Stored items
Start of Block

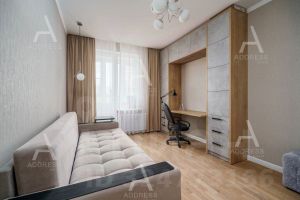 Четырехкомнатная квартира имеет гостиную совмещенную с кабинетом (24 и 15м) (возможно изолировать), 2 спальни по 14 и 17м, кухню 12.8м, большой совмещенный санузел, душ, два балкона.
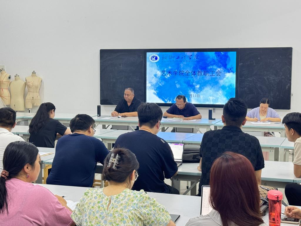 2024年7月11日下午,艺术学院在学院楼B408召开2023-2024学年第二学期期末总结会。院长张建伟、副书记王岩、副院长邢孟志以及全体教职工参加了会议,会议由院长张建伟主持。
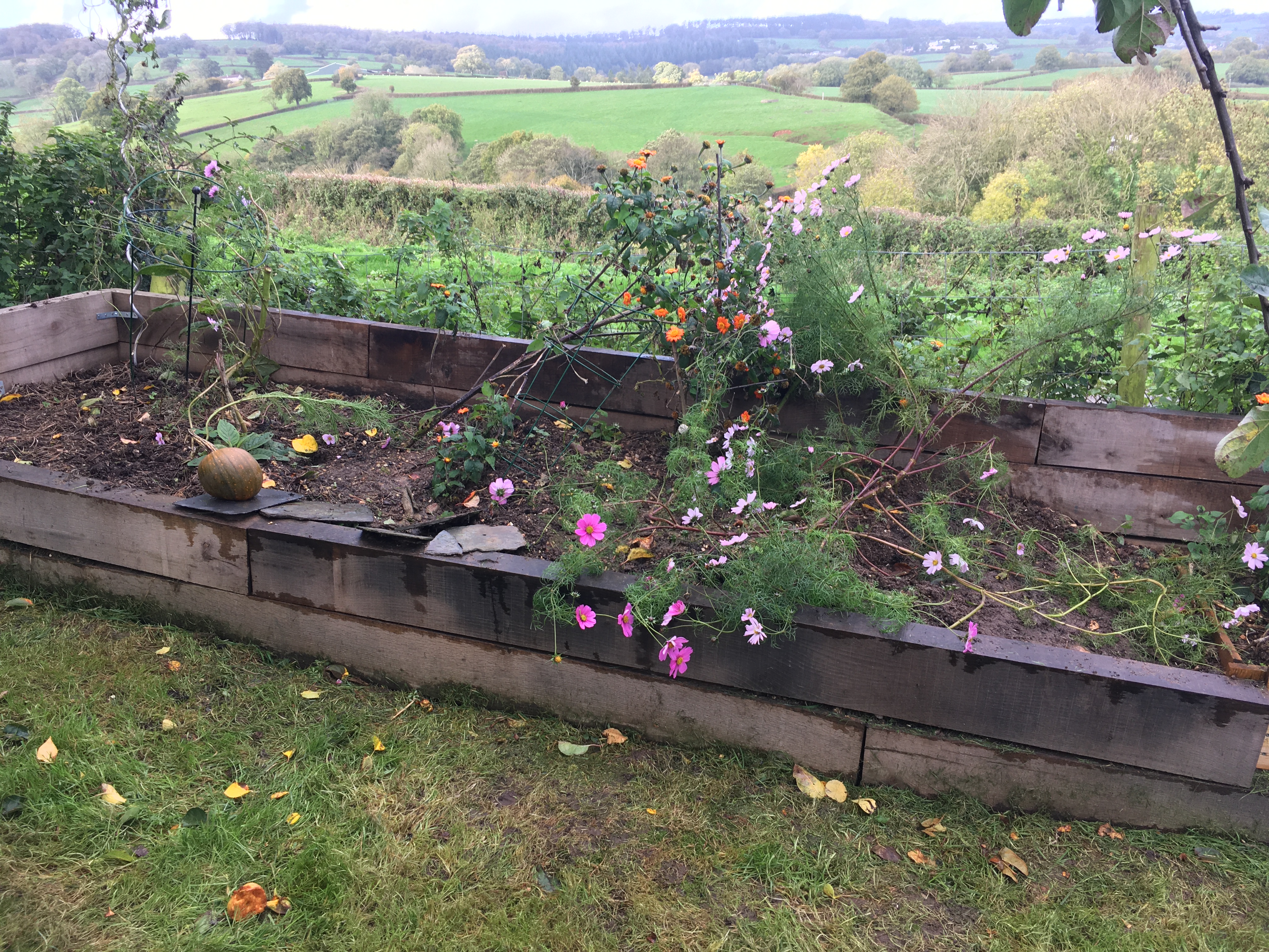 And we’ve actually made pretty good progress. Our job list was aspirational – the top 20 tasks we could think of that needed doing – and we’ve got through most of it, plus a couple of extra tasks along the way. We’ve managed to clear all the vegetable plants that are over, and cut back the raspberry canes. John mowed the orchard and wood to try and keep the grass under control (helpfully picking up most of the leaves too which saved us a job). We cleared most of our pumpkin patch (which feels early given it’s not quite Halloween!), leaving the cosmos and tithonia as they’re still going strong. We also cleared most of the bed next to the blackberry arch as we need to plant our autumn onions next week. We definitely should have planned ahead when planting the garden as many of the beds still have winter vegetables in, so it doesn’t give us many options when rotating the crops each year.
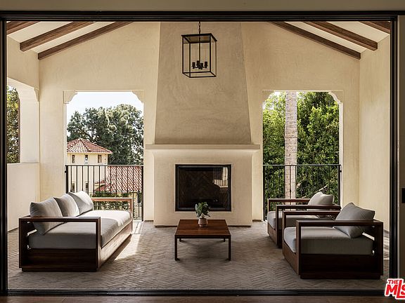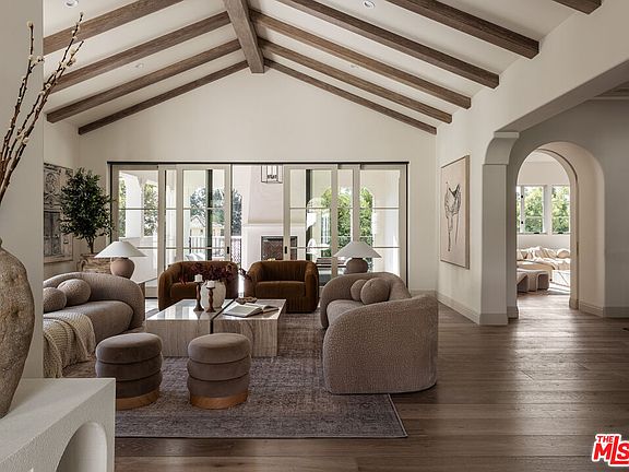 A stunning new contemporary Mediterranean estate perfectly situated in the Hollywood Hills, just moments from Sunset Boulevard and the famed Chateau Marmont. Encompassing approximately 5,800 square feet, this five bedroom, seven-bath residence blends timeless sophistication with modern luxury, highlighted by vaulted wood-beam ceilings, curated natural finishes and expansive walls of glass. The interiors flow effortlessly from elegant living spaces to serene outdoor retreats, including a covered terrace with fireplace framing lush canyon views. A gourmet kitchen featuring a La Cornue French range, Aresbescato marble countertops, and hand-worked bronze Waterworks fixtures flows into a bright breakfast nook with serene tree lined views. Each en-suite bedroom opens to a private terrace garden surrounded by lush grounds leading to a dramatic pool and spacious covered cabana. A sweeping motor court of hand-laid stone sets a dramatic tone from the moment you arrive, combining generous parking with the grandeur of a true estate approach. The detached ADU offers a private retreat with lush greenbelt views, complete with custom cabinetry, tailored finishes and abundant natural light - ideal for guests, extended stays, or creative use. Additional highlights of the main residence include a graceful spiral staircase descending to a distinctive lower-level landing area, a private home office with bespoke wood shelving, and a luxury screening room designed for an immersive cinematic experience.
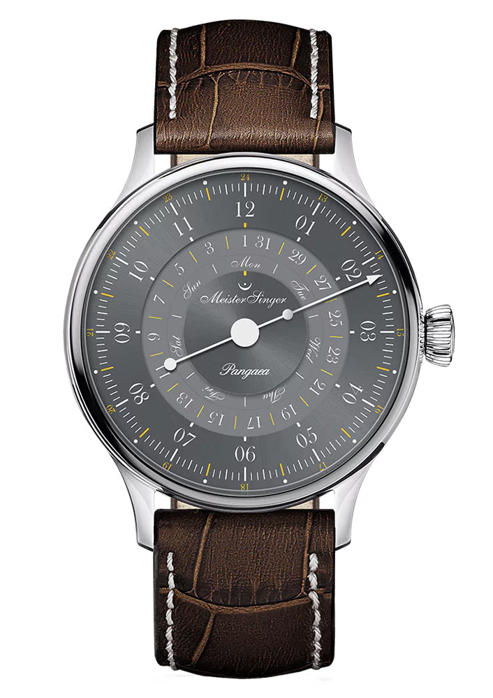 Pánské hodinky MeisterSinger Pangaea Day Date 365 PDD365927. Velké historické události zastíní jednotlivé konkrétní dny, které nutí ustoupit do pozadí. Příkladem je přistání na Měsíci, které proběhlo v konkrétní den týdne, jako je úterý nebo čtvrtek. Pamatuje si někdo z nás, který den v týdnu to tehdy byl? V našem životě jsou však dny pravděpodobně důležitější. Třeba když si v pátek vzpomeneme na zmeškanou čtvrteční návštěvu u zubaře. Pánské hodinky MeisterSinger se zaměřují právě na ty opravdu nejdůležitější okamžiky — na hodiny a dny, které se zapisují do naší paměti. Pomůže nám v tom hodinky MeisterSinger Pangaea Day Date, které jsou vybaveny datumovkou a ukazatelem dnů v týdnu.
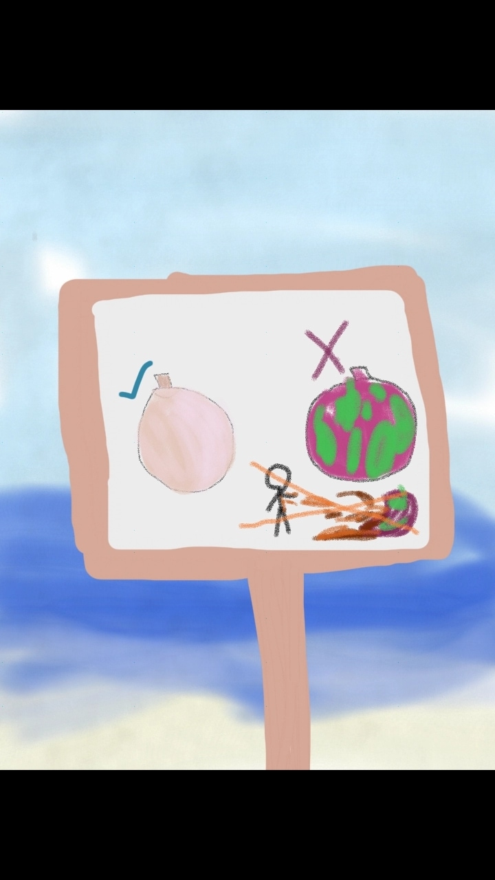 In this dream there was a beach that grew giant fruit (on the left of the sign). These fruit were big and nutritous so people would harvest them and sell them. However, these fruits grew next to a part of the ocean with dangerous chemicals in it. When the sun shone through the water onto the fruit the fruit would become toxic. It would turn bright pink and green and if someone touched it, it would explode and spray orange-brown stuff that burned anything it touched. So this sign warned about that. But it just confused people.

End of Block

Repeat, without pictures, exactly the lines of the data above from the one containing "2024年7月11日下午,艺" through the one containing "And we’ve actually", including both and adding nothing.

Output:
 2024年7月11日下午,艺术学院在学院楼B408召开2023-2024学年第二学期期末总结会。院长张建伟、副书记王岩、副院长邢孟志以及全体教职工参加了会议,会议由院长张建伟主持。
 And we’ve actually made pretty good progress. Our job list was aspirational – the top 20 tasks we could think of that needed doing – and we’ve got through most of it, plus a couple of extra tasks along the way. We’ve managed to clear all the vegetable plants that are over, and cut back the raspberry canes. John mowed the orchard and wood to try and keep the grass under control (helpfully picking up most of the leaves too which saved us a job). We cleared most of our pumpkin patch (which feels early given it’s not quite Halloween!), leaving the cosmos and tithonia as they’re still going strong. We also cleared most of the bed next to the blackberry arch as we need to plant our autumn onions next week. We definitely should have planned ahead when planting the garden as many of the beds still have winter vegetables in, so it doesn’t give us many options when rotating the crops each year.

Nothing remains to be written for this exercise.